La femme se mit à grommeler, mais ce fut le blond maigre et dégingandé qui lui assena un puissant coup de pied dans la mâchoire. Le plus gros des trois chasseurs ficela les bras et les jambes du garçon inconscient, tandis que le blond s’éloignait pour aller récupérer les chevaux. Furieuse, la femme s’installa sur un tronc d’arbre recouvert de mousse. Elle s’amusait avec une dague, creusant des trous dans le tronc. — Il s’en est déjà débarrassé, soupira-t-elle. — J’ai entendu, dit le plus gros. (Il jeta le garçon ligoté à terre.) Les ordres ne vont guère apprécier. — Tu as raison, approuva-t-elle. Mais ça nous fera du travail. Sceptique, le chasseur à la barbe émit un grognement avant de tourner la tête et de scruter l’obscurité, entre les arbres. Il empoigna vivement son arbalète. La femme avait elle aussi entendu le bruit, celui du tissu effleurant des branches. Elle dégaina son épée et s’approcha, illuminant les environs immédiats. — Qui va là ? aboya l’homme. Répondez si vous voulez rester en vie. — Ne me tuez pas, s’écria une voix. Pardonnez-moi, je ne voulais pas vous déranger. (Un forestier aux yeux bleu foncé surgit de l’obscurité, les mains levées.) Je vis dans ces bois, dit-il.
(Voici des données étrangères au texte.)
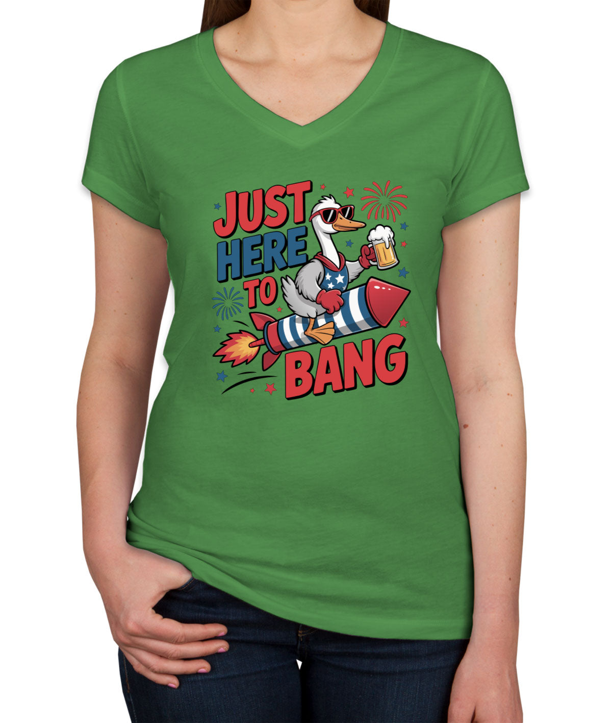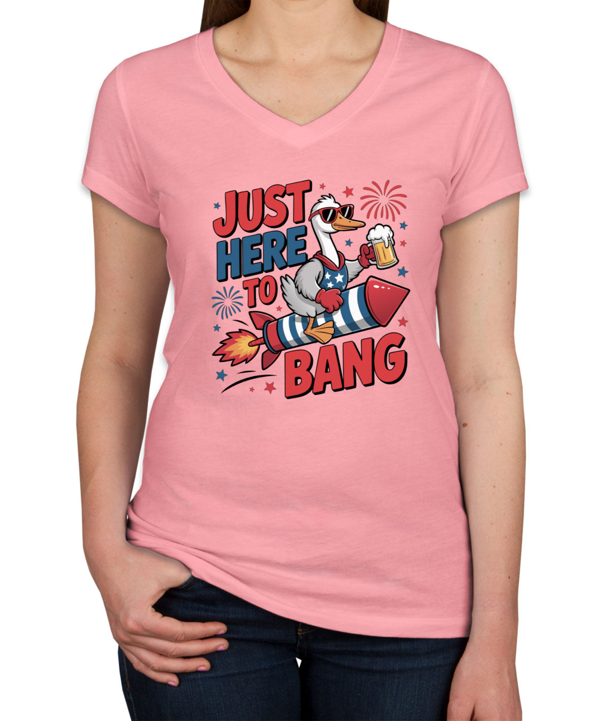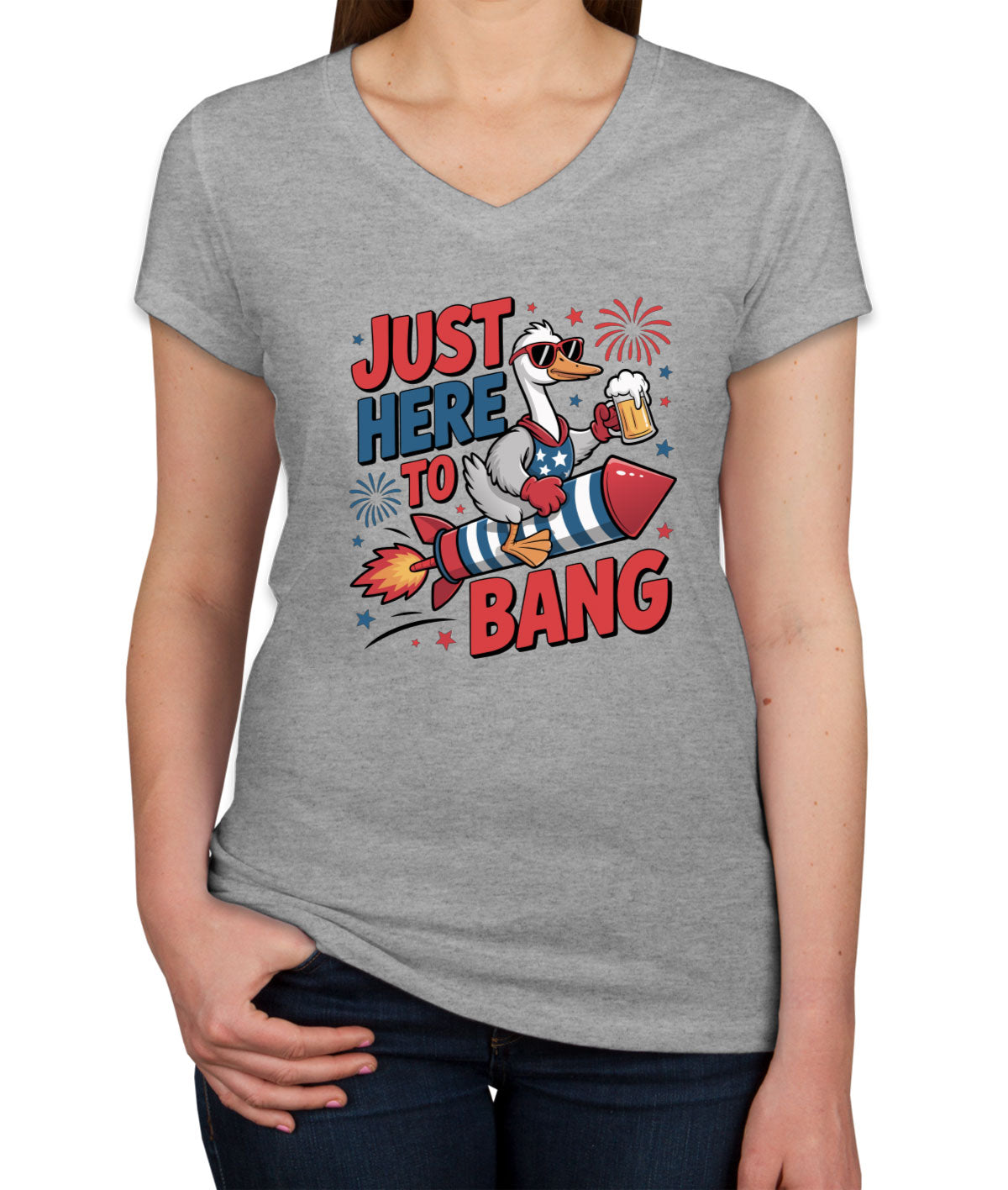 Just Here To Bang Independence Day Patriotic Women's V Neck T-shirt

J’ai cru que vous pourriez avoir besoin d’aide. — On n’a besoin de rien, rétorqua la femme. Disparaissez de ma vue ! Le forestier hocha la tête et regagna les ténèbres. Il était temps pour lui de partir, de toute façon. Ce chapitre touchait à sa fin, et il voulait le consigner par écrit avant que sa mémoire lui fasse défaut. En outre, les principaux personnages de cette petite histoire n’allaient pas tarder à entrer en scène, et le forestier allait avoir besoin d’un peu de temps pour se mettre en place pour la suite.